I knew that Nigerian literature, particularly fiction from the Nigerian diaspora, had picked up in the years since I futilely scoured London bookshops. But it took encountering these books on such front and centre positioning in a town with a population of 50,000 and a very small black community to realise the milestone Nigerian literature had reached over the last decade or so.

There are disparate points of view as to why Nigerian literature is – to put it simply – hot again. A school of thought would attribute it to the re-establishment of democracy in 1999. Since Nigeria’s independence in 1960, Nigeria had been more or less in the throes of malignant military dictatorships. These regimes felt threatened by creative and intellectual expression and had made known their displeasure.
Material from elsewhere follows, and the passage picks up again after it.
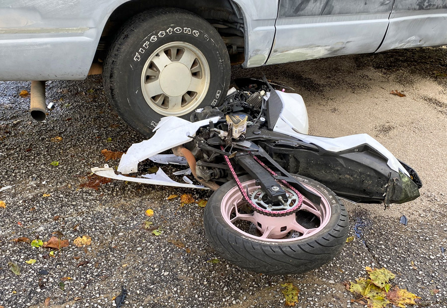 “The driver of the motorcycle attempted to avoid the collision by laying the motorcycle on its left side. As a result, the motorcycle slide under the SUV and collided with the undercarriage of the SUV in the intersection,” FHP said in a crash report.

Books, like Soyinka’s The Man Died(1972) were banned, writers, poets and journalists were imprisoned — publishing went into a decline.

With the return to democracy, it appears that the collective silence of self-preservation lifted, and people finally felt free to chronicle the political and economic realities of the era. This argument further explains why the majority of the works that were published immediately after that period –Helon Habila’s Waiting for An Angel (2002), Adichie’s Purple Hibiscus(2003), and Chris Abani’s Graceland (2004) – are full of criticism of the former establishment.
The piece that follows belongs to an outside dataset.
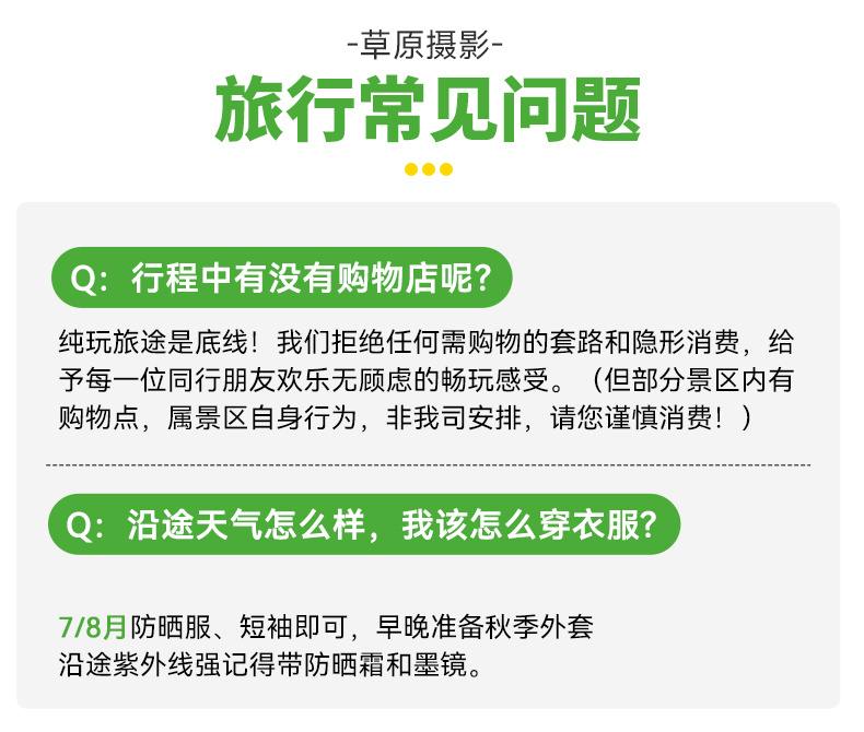 ①衣服:5/6月气温较低,需准备厚一些的外套,如夹克、风衣或薄羽绒服,也可带上围巾和手套增加保暖效果,7/8/月防晒服、短袖即可,早晚准备秋季外套。沿途紫外线强记得带防晒霜和墨镜。

A second school is of the opinion that Chimamanda Adichie is the big bang of Nigeria’s literary renaissance. Adichie’s debut novel, Purple Hibiscus, was shortlisted for several international awards and won the Commonwealth Writers’ Prize for Best First book and she was hailed as the protégé of the great Chinua Achebe. International publishing houses, whose interest had been piqued by the celebrated young writer, began to look more closely at works by Nigerians in the hope of discovering the next Chimamanda. Other aspiring writers, in their turn, seeing the possibility of a writing career, became more ambitious and started to aim for the international market. Supposedly, this spurred authors like Helen Oyeyemi, Adaobi Nwaubani, Chinelo Okparanta and many others.
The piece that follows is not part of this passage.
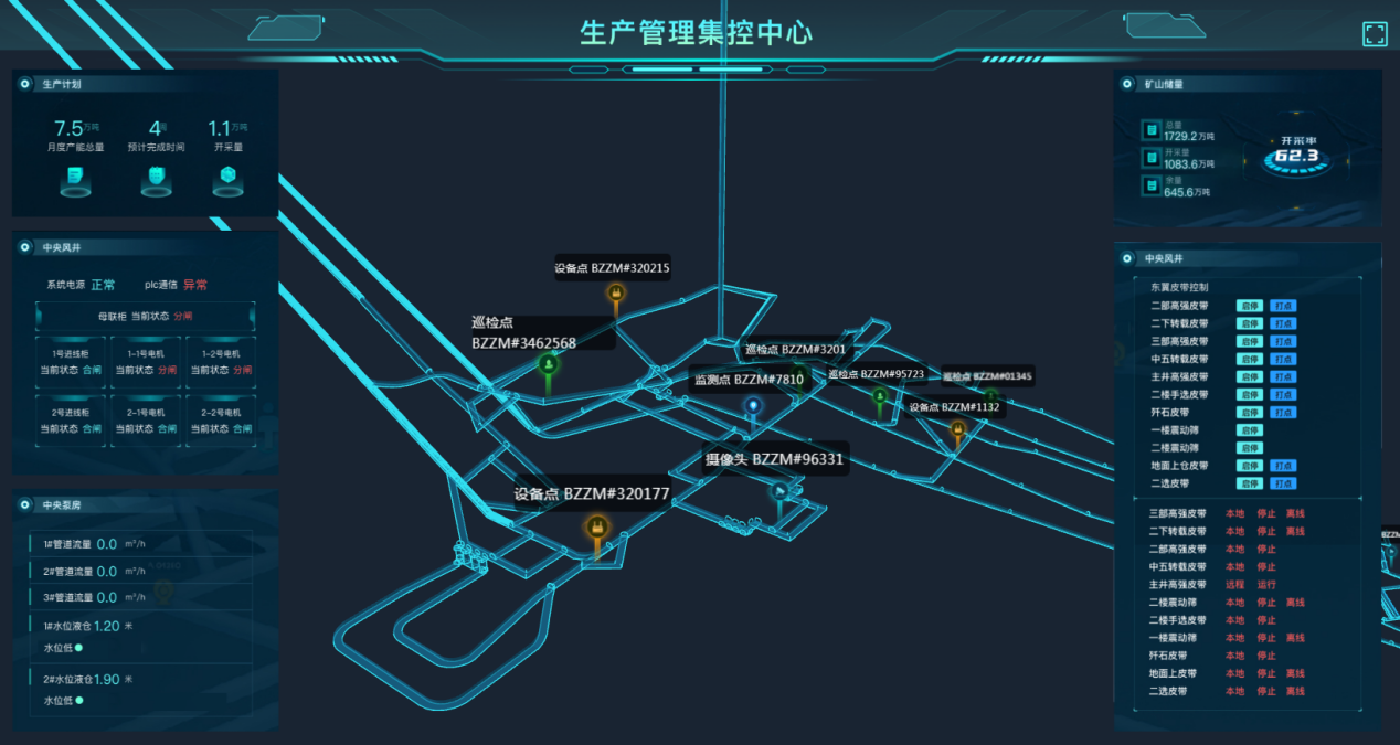 首頁 WebGis 地圖不只是三維設計初級階段的可視化模型,而是載有各類信息的數字綜合體,包括實時生產信息、車輛運行軌跡、采面信息、視頻監控、邊坡預警信息等,實現了生產過程高度集成化的一張圖管理。

Another argument attributes the rise of Nigerian literature to the Caine Prize for African Writing, which was established in 2000 and won by Helon Habila in 2001. With its £10,000 prize money and exposure for winners, as well as the fact that many winners debuted internationally soon after, it has provided a platform for aspiring writers to break out into the mainstream. It has further ensured that only the best from Africa has emerged — the Caine Prize winner’s list and shortlists are a near accurate touchstone of internationally acclaimed Nigerian writing. Since the establishment of the prize, Nigeria has produced five winners, including Rotimi Babatunde and Tope Folarin, the 2012 and 2013 winners respectively. And, undoubtedly, these success stories are inspiring many to the craft.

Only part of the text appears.